--- Given records Enclosed Below ---

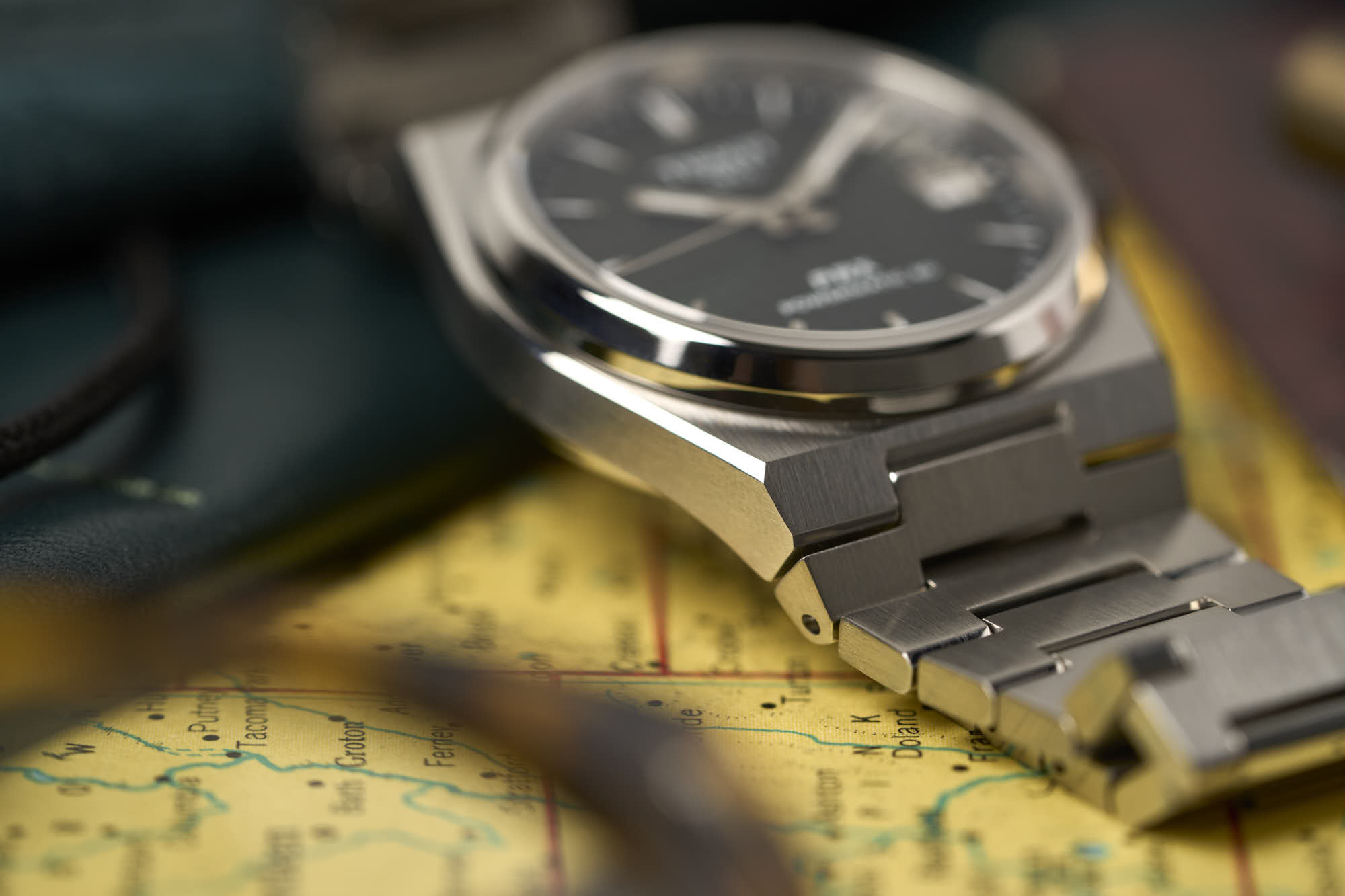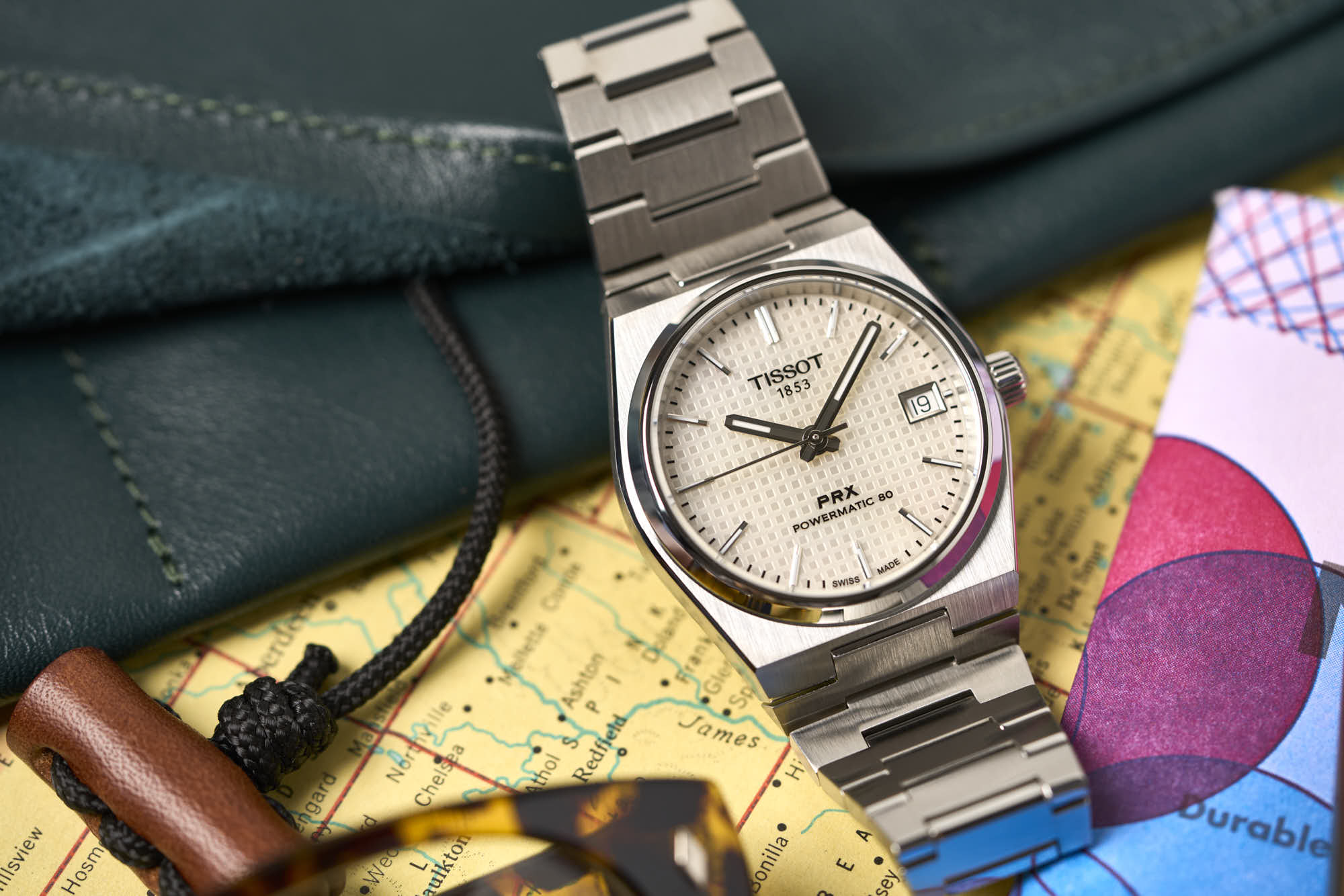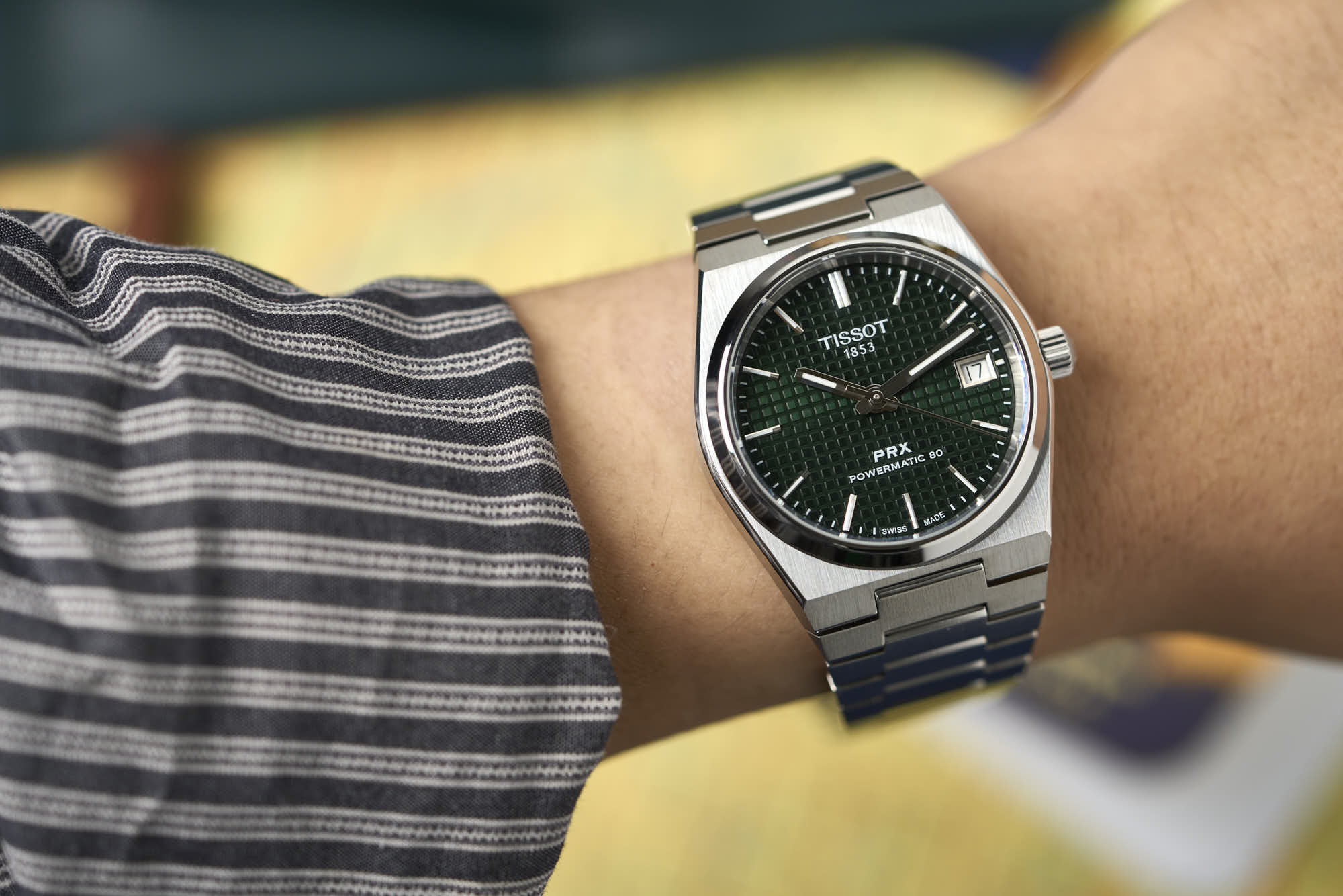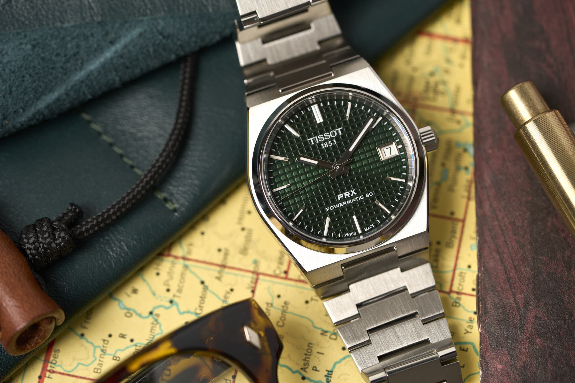 While Tissot is a storied Swiss watchmaker, having been founded in 1880, right now they are best known for their line of sexy, 70s-inspired sports watches called PRX. A throwback to an era of bell bottoms, big cars, record players, etc… the PRXs feature an “integrated bracelet” design, meaning the case and bracelet or strap seamlessly flow into each other. A sleek-looking concept, it became the rage in the 70s, exuding a certain luxurious bravado, and had a recent resurgence. The PRX executes the concept with style to spare, all at an affordable price point.
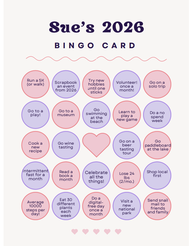 I didn’t do resolutions this year. I made a Bingo card instead.
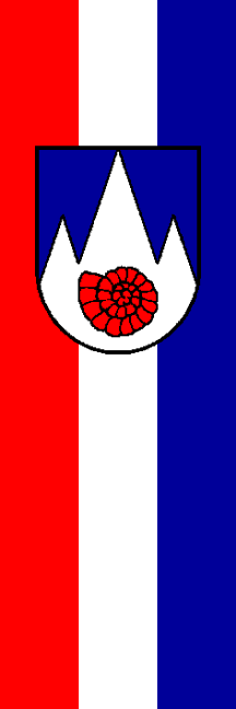 | Description of arms (German): | In Blau drei silberne Spitzen, deren mittlere bis zum Schildrand reicht, darin ein roter Ammonit. |
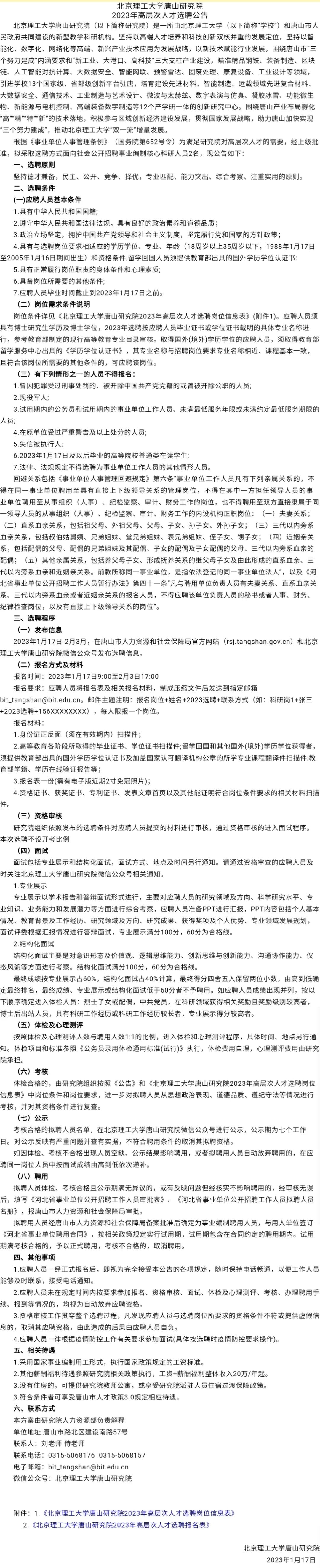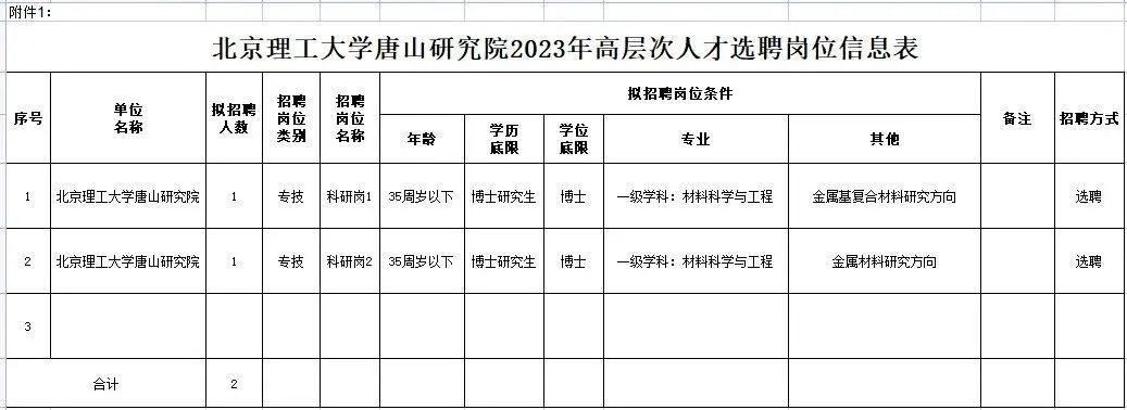 北京理工大学唐山研究院面向社会公开招聘事业编制核心科研人员2名。具体招聘人数和岗位条件详见↓↓↓
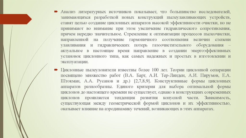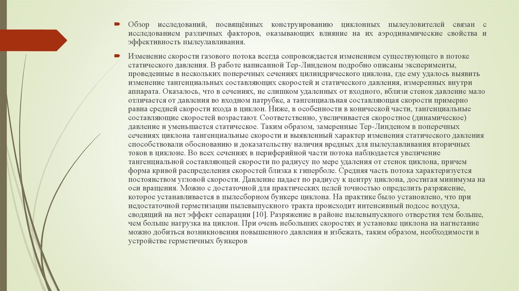 Обзор исследований, посвящённых конструированию циклонных пылеуловителей связан сисследованием различных факторов, оказывающих влияние на их аэродинамические свойства и
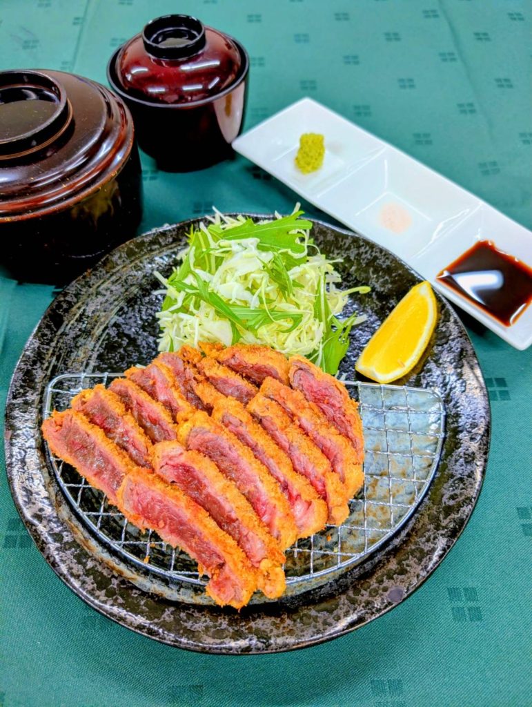 上質な牛肉を高温で短時間で揚げ、レアに仕上げております。お好みの薬味でおめし上がり下さい。
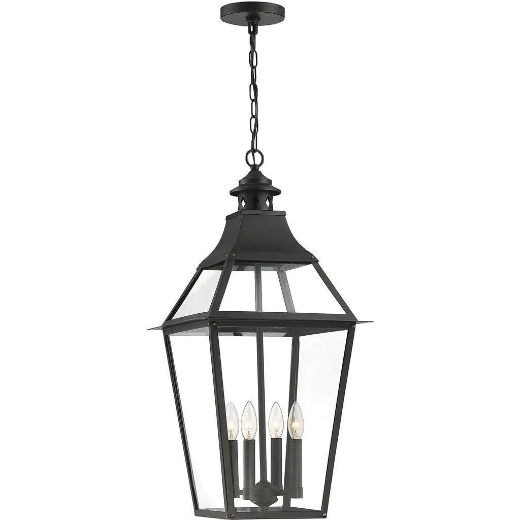 Stately lanterns with perforated filigree along the hood casts a beautiful lighting effect. Finished in Matte Black, the collection is available in multiple sizes as well as flush mount, deck lantern, and two sizes of pendants. Material: Steel, Finish Color: Black, Width: 17", Height: 34", Length: 19.5", Chain Length: 144", Lamping Type: Incandescent, Number Of Bulbs: 6, Wattage: 40 Watts, Dimmable: Yes, Moisture Rating: Damp Rated
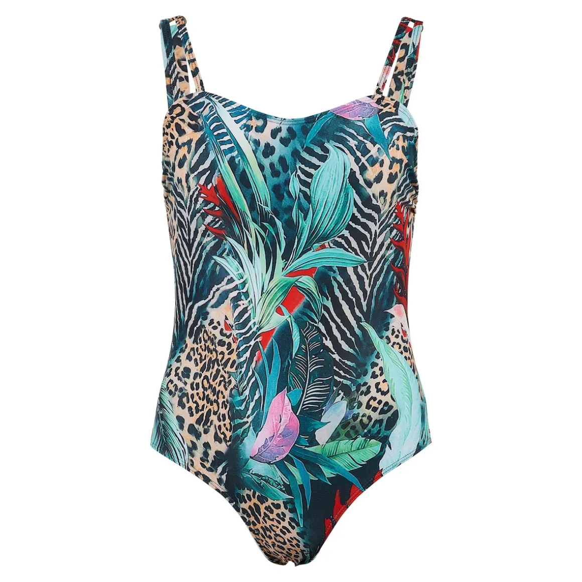 Badenixen aufgepasst: Dieser Badeanzug ist ein absoluter Blickfang. Dank seinem aufregenden Print gelingt Ihnen ein topmodischer Auftritt – am Strand, im Schwimmbad oder am Pool. Mit verstellbaren Trägern und herausnehmbaren Cups.
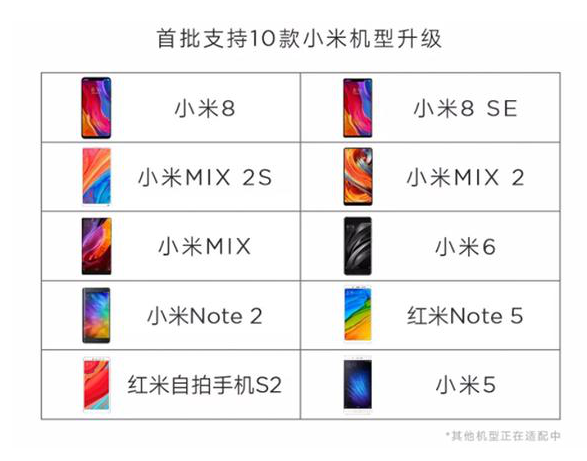 MIUI 10首批机型公测开发版适配机型包括小米8、小米8 SE、小米6、小米5、小米MIX 2S、小米MIX 2、小米MIX、小米Note 2、红米S2、红米Note 5等10款设备。
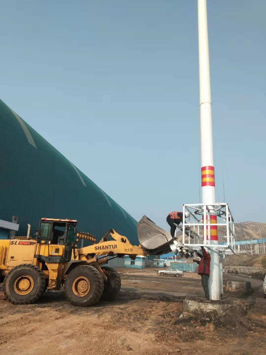 兴县蔡家崖集运站煤棚建成后,东边三个灯塔的灯光都照在了煤棚的的彩钢板上,就失去了存在的意义。经过与甲方沟通,我运行项目部决定将中间的灯塔改照道路,两头的灯塔改照煤棚两侧的广场,这样需要降下灯盘改造每个灯的灯光方向同时改变电源线路。由于灯的重量比较大,改变位置就要考虑灯盘的平衡问题,所以还要选好位置增加配重。原先准备邀请灯塔厂家来集运站改造,但是报价太高。为了给公司减少开支,也为了锻炼队伍,我项目部于11月8日下午开始对灯塔改造,晚上灯塔已经按照我们意图开始工作,效果令人满意。

--- End of Enclosed Given records ---

■ Exercise details: A faithful, complete copy of the records above is required, one that contains no pictures.

■ Result below:
 While Tissot is a storied Swiss watchmaker, having been founded in 1880, right now they are best known for their line of sexy, 70s-inspired sports watches called PRX. A throwback to an era of bell bottoms, big cars, record players, etc… the PRXs feature an “integrated bracelet” design, meaning the case and bracelet or strap seamlessly flow into each other. A sleek-looking concept, it became the rage in the 70s, exuding a certain luxurious bravado, and had a recent resurgence. The PRX executes the concept with style to spare, all at an affordable price point.
 I didn’t do resolutions this year. I made a Bingo card instead.
 | Description of arms (German): | In Blau drei silberne Spitzen, deren mittlere bis zum Schildrand reicht, darin ein roter Ammonit. |
 北京理工大学唐山研究院面向社会公开招聘事业编制核心科研人员2名。具体招聘人数和岗位条件详见↓↓↓
 Обзор исследований, посвящённых конструированию циклонных пылеуловителей связан сисследованием различных факторов, оказывающих влияние на их аэродинамические свойства и
 上質な牛肉を高温で短時間で揚げ、レアに仕上げております。お好みの薬味でおめし上がり下さい。
 Stately lanterns with perforated filigree along the hood casts a beautiful lighting effect. Finished in Matte Black, the collection is available in multiple sizes as well as flush mount, deck lantern, and two sizes of pendants. Material: Steel, Finish Color: Black, Width: 17", Height: 34", Length: 19.5", Chain Length: 144", Lamping Type: Incandescent, Number Of Bulbs: 6, Wattage: 40 Watts, Dimmable: Yes, Moisture Rating: Damp Rated
 Badenixen aufgepasst: Dieser Badeanzug ist ein absoluter Blickfang. Dank seinem aufregenden Print gelingt Ihnen ein topmodischer Auftritt – am Strand, im Schwimmbad oder am Pool. Mit verstellbaren Trägern und herausnehmbaren Cups.
 MIUI 10首批机型公测开发版适配机型包括小米8、小米8 SE、小米6、小米5、小米MIX 2S、小米MIX 2、小米MIX、小米Note 2、红米S2、红米Note 5等10款设备。
 兴县蔡家崖集运站煤棚建成后,东边三个灯塔的灯光都照在了煤棚的的彩钢板上,就失去了存在的意义。经过与甲方沟通,我运行项目部决定将中间的灯塔改照道路,两头的灯塔改照煤棚两侧的广场,这样需要降下灯盘改造每个灯的灯光方向同时改变电源线路。由于灯的重量比较大,改变位置就要考虑灯盘的平衡问题,所以还要选好位置增加配重。原先准备邀请灯塔厂家来集运站改造,但是报价太高。为了给公司减少开支,也为了锻炼队伍,我项目部于11月8日下午开始对灯塔改造,晚上灯塔已经按照我们意图开始工作,效果令人满意。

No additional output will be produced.